* **THE PROBLEM**: Repeat exactly, and only, the lines from the line bearing "Duane Goossen of" through the end of the material. Do not copy the pictures.

++++++++

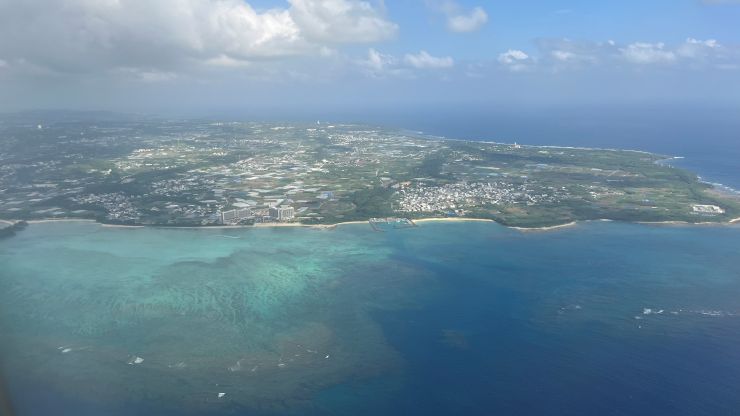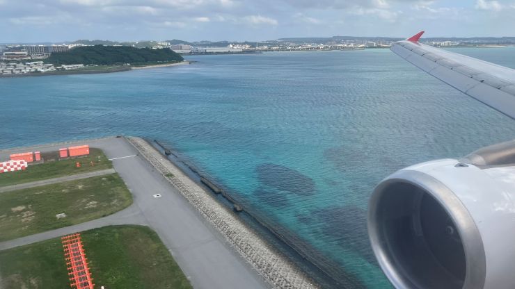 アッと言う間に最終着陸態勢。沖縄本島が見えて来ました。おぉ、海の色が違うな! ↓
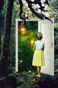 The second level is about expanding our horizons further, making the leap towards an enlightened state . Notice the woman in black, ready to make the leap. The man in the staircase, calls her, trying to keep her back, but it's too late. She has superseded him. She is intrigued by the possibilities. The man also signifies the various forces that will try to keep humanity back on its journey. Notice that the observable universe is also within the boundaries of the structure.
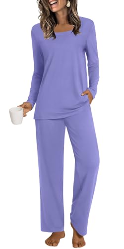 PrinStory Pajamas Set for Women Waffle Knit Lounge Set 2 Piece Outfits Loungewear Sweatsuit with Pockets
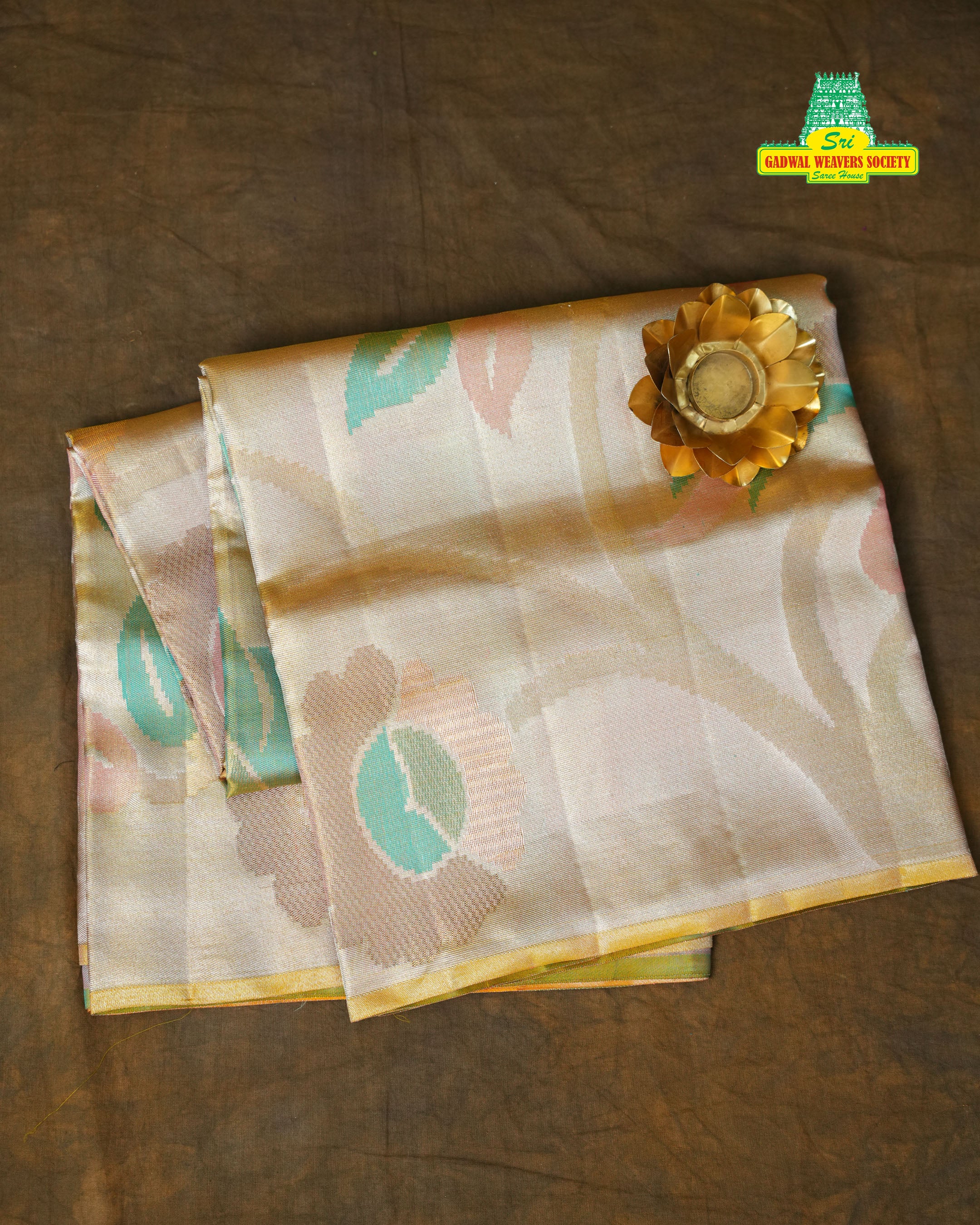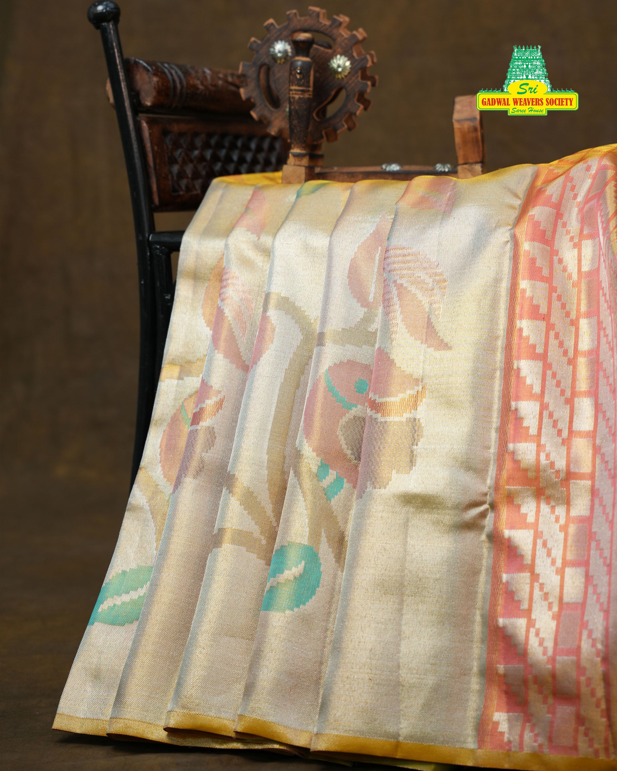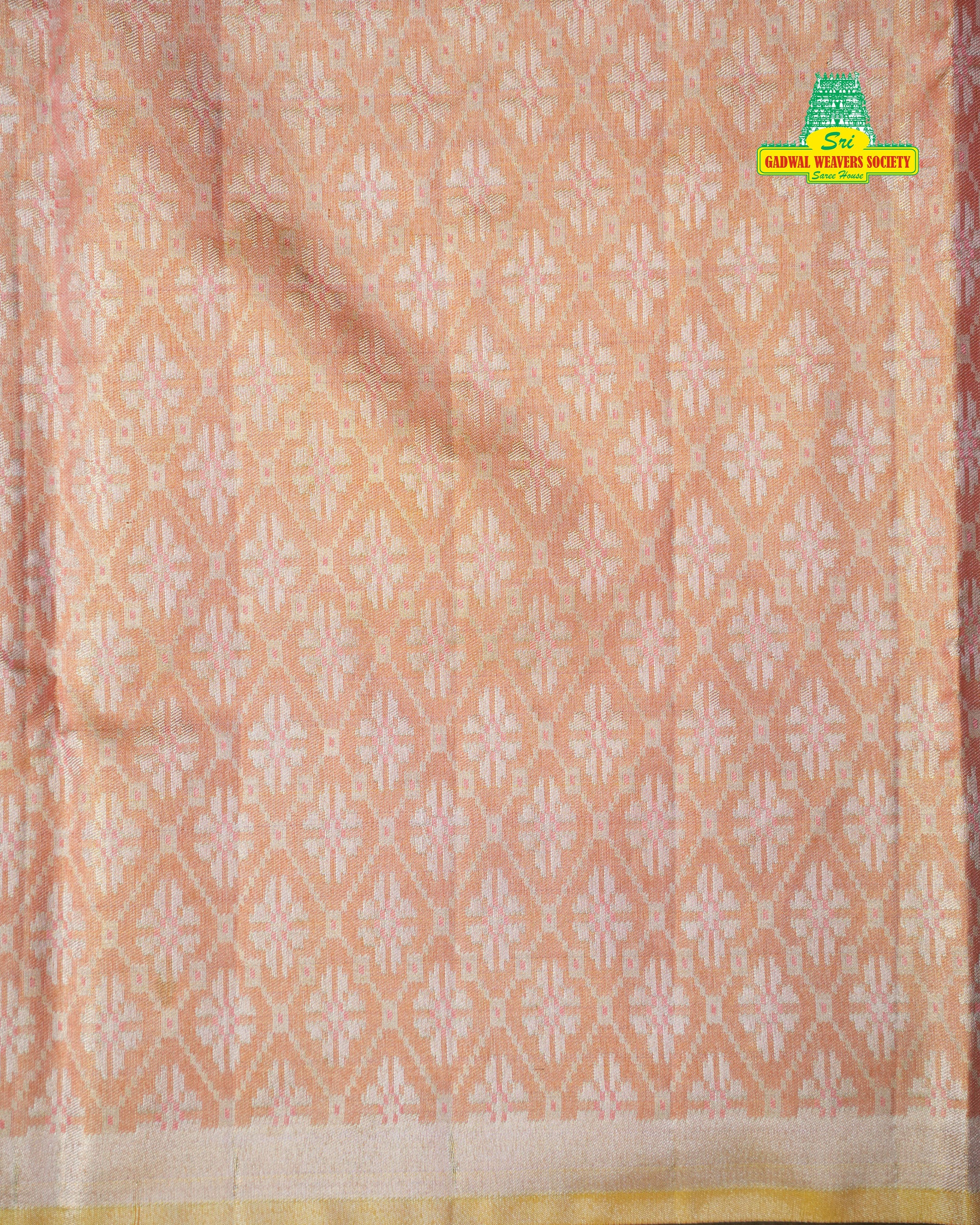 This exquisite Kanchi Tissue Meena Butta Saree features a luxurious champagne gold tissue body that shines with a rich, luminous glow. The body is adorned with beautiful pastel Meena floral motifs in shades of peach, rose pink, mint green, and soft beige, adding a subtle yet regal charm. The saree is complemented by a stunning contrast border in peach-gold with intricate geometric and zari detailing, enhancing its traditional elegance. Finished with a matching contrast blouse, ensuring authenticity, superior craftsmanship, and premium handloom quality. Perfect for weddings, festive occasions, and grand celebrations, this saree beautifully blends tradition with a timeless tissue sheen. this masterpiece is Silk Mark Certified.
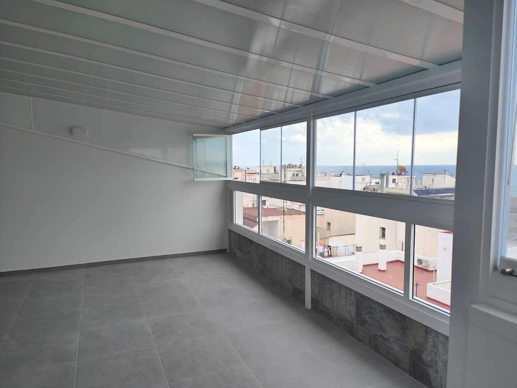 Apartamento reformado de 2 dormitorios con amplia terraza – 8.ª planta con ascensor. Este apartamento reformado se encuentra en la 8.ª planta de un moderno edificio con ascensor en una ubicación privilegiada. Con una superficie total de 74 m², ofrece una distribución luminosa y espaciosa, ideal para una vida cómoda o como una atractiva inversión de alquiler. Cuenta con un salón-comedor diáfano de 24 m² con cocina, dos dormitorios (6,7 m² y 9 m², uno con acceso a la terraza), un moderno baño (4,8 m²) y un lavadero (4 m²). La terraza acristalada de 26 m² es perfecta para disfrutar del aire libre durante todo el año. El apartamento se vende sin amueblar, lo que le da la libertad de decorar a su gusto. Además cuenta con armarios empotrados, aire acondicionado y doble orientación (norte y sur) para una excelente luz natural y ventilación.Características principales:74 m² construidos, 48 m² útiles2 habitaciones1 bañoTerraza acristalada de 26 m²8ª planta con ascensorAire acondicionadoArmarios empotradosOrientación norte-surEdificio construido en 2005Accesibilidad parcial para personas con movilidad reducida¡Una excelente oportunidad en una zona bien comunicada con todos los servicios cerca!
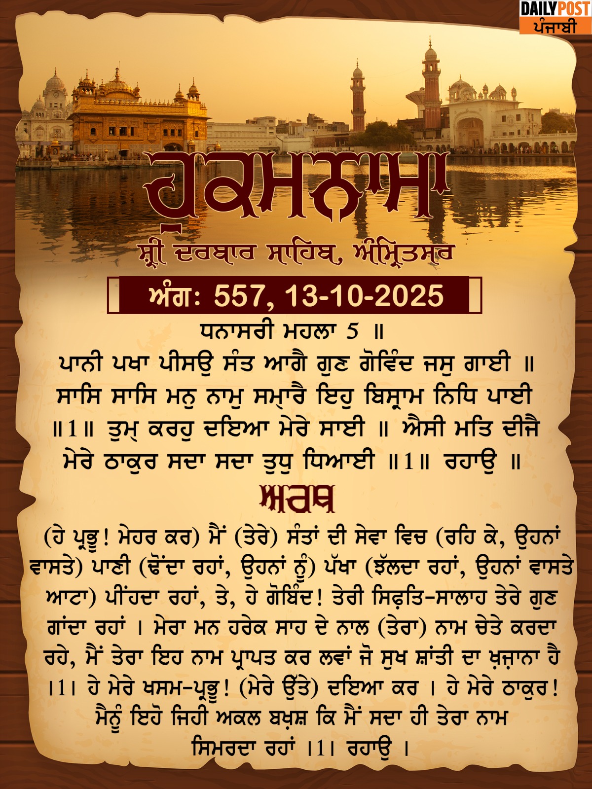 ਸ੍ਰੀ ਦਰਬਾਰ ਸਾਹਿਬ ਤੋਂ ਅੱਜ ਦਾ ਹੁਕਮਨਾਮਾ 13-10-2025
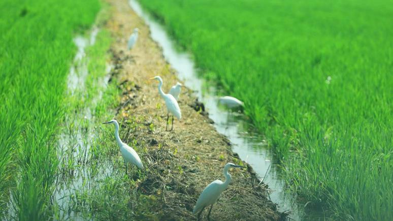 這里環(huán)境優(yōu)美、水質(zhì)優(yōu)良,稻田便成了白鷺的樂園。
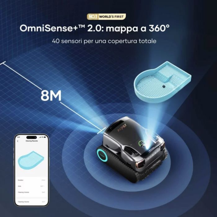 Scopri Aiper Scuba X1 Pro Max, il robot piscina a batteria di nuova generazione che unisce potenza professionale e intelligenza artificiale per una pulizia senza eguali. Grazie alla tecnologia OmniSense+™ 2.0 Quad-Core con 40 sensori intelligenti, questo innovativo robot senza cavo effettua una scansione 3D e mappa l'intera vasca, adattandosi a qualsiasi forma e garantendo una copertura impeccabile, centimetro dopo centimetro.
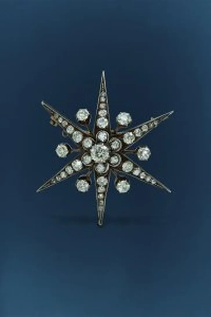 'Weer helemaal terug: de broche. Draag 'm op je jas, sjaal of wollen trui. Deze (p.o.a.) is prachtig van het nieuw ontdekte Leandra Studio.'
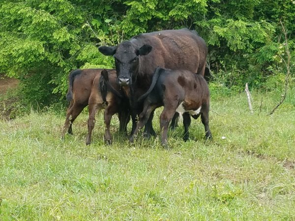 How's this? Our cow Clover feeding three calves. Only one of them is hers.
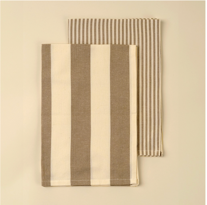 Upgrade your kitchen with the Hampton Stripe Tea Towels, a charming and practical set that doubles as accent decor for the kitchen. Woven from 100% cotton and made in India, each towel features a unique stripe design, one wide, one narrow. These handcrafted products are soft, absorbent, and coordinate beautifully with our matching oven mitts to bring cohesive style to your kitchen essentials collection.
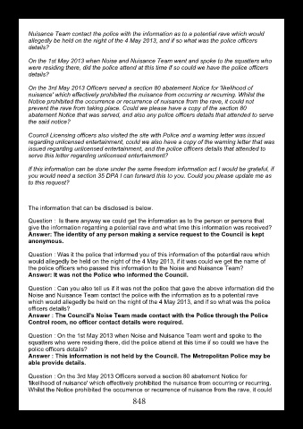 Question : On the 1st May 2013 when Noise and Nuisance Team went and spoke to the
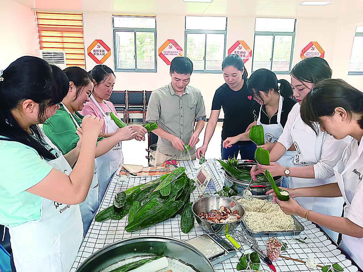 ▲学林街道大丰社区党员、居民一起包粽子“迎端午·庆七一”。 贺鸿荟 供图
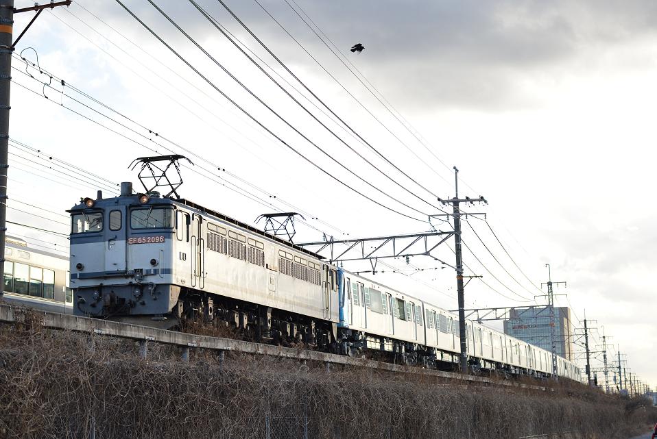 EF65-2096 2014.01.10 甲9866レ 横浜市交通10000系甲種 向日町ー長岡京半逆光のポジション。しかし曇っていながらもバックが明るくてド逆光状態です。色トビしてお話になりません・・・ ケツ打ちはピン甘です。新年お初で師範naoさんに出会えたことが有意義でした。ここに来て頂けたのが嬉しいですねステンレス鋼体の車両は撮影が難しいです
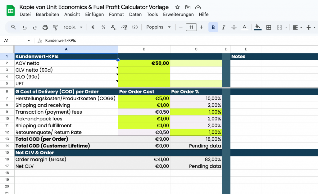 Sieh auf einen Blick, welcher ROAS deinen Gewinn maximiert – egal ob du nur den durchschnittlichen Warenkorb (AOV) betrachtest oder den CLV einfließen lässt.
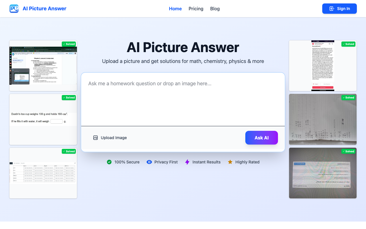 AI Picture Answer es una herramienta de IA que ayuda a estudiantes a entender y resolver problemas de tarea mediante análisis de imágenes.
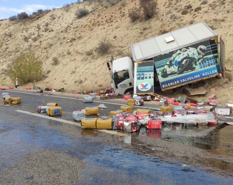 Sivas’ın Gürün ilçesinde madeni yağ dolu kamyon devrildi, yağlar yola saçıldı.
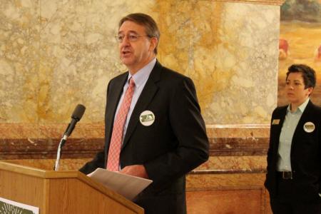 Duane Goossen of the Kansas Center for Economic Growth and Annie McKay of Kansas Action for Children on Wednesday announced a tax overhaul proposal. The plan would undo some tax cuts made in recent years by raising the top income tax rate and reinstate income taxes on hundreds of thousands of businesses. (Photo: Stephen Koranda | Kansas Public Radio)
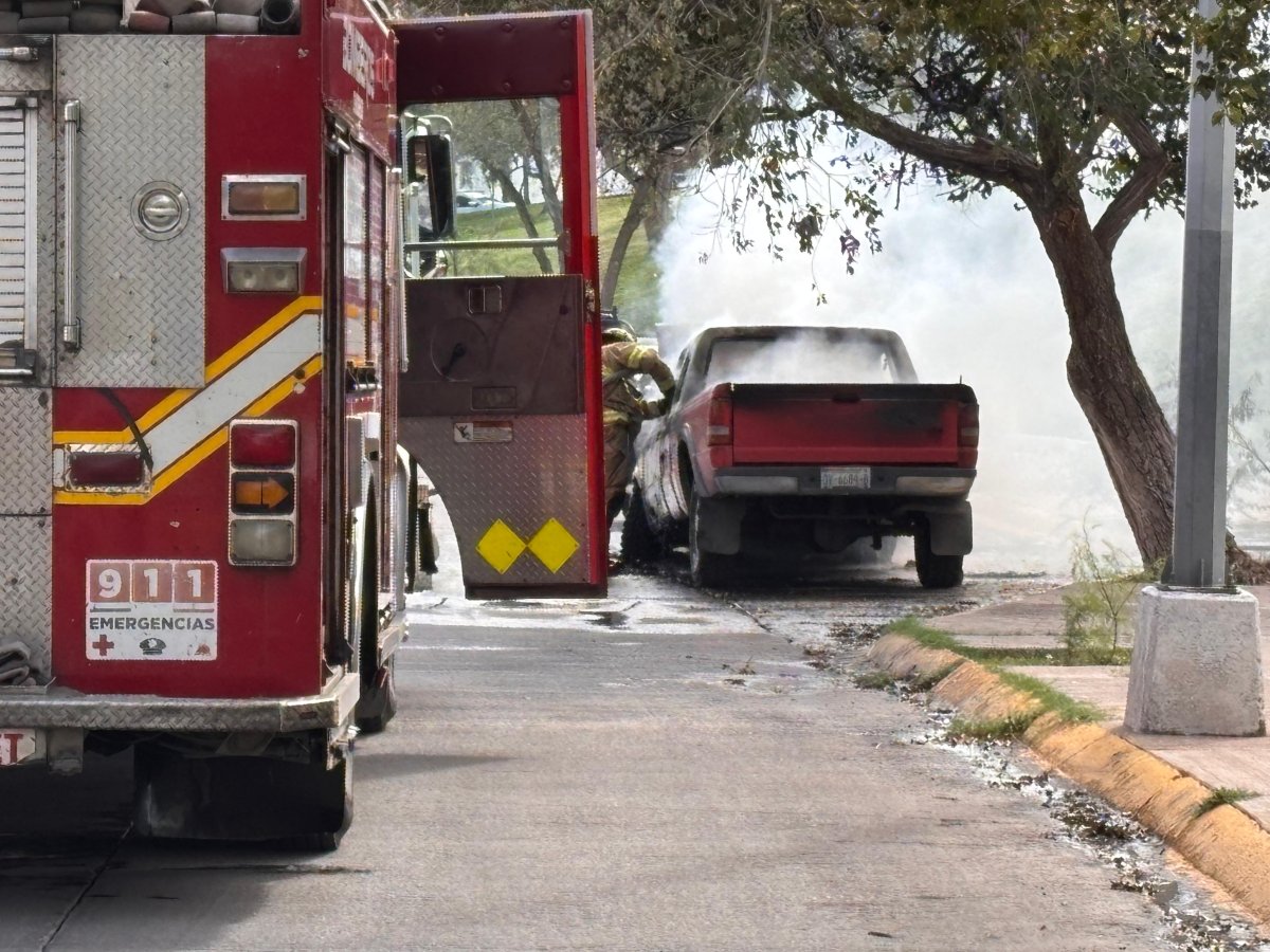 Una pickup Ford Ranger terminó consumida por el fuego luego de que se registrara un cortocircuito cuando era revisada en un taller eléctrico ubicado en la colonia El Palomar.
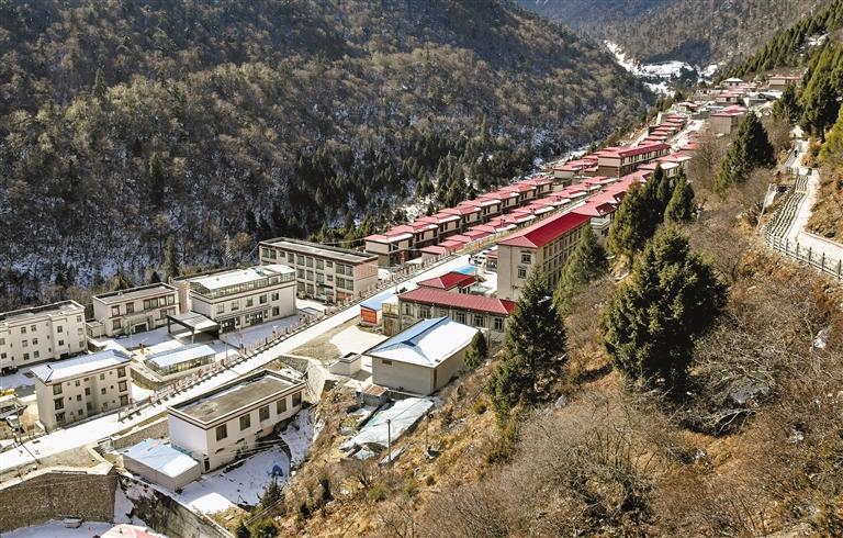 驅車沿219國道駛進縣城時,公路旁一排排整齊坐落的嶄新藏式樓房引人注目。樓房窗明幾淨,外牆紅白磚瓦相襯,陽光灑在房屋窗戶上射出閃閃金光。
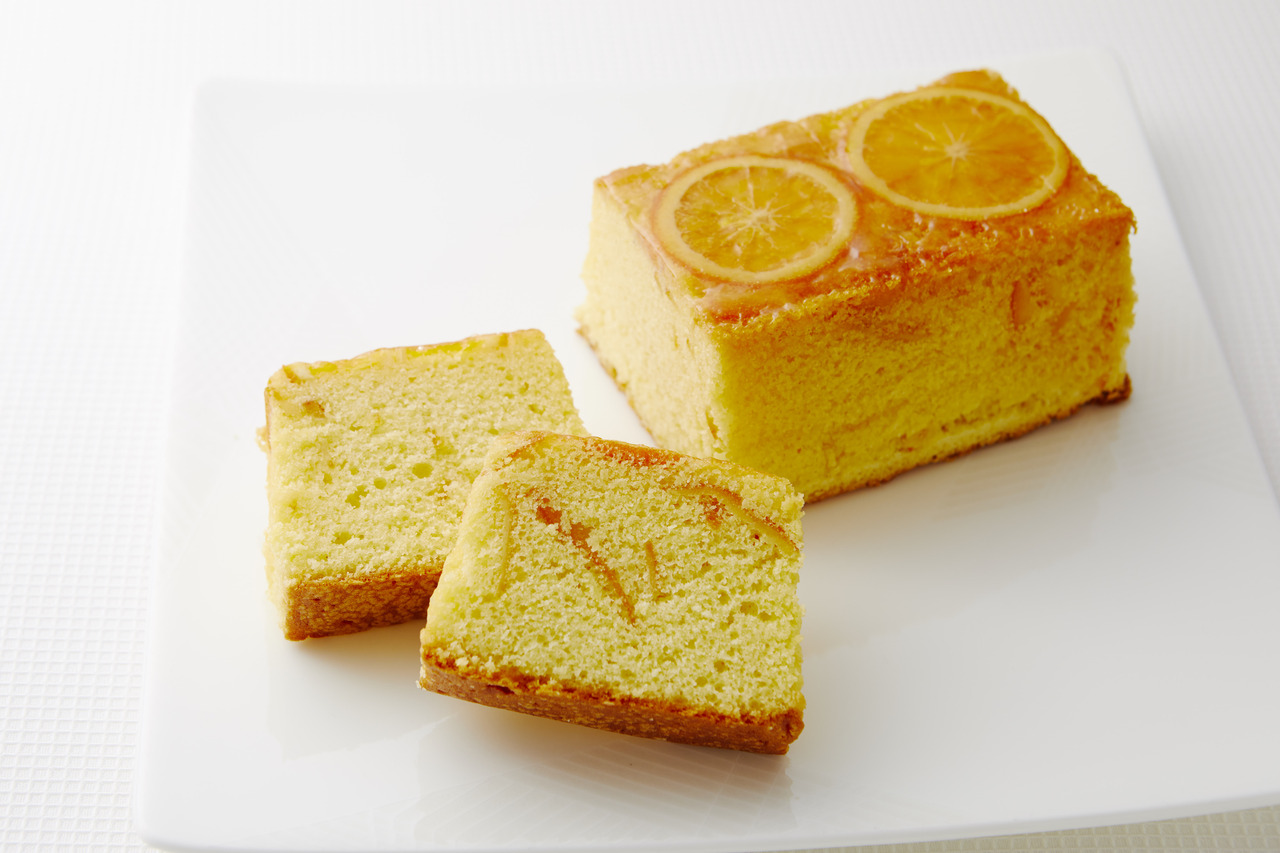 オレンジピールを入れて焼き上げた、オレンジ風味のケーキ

++++++++

* **ANSWER FOR THE TASK**:
 Duane Goossen of the Kansas Center for Economic Growth and Annie McKay of Kansas Action for Children on Wednesday announced a tax overhaul proposal. The plan would undo some tax cuts made in recent years by raising the top income tax rate and reinstate income taxes on hundreds of thousands of businesses. (Photo: Stephen Koranda | Kansas Public Radio)
 Una pickup Ford Ranger terminó consumida por el fuego luego de que se registrara un cortocircuito cuando era revisada en un taller eléctrico ubicado en la colonia El Palomar.
 驅車沿219國道駛進縣城時,公路旁一排排整齊坐落的嶄新藏式樓房引人注目。樓房窗明幾淨,外牆紅白磚瓦相襯,陽光灑在房屋窗戶上射出閃閃金光。
 オレンジピールを入れて焼き上げた、オレンジ風味のケーキ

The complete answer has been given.